What is required.
Reply with one number only: the count of lines below that contain the word "Douglas".

Exercise inputs.
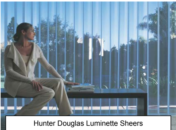
Hunter Douglas Luminette Sheers

Hunter Douglas begins their Sheer Genius Sale from June 1 – August 15, 2010.
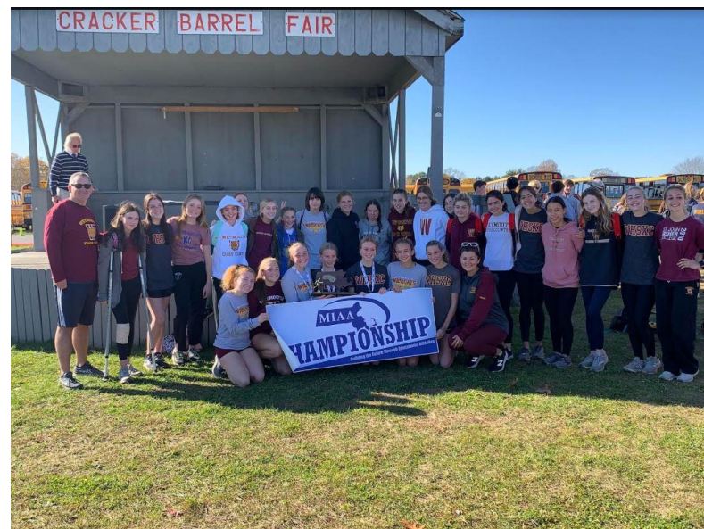
Girls Cross Country Wins 2021 State 1a Championship
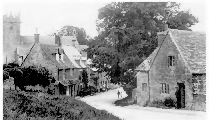
Church Street, Longborough
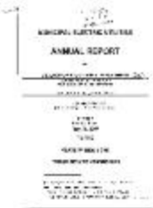
Municipal electric utilities annual report of the Village of Ilion to the Public Service Commission, 2007 (NYSA_13345-13_Village_of_Ilion_2007)
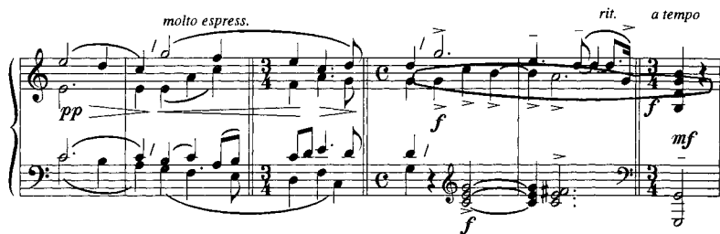
Example 1f. Version "e" of the motive at the final "Amen" of the Service (rehearsal number 95).
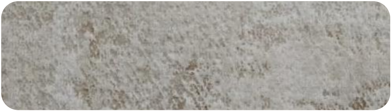
ELEGANT - 102
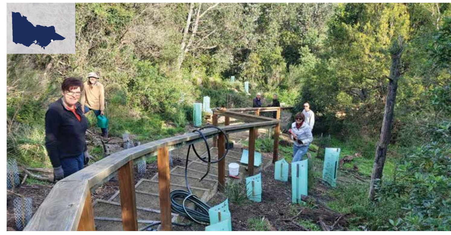
A working bee on the 100 steps in June 2020 provided a good physical workout for TBLC members.

Task answer.
2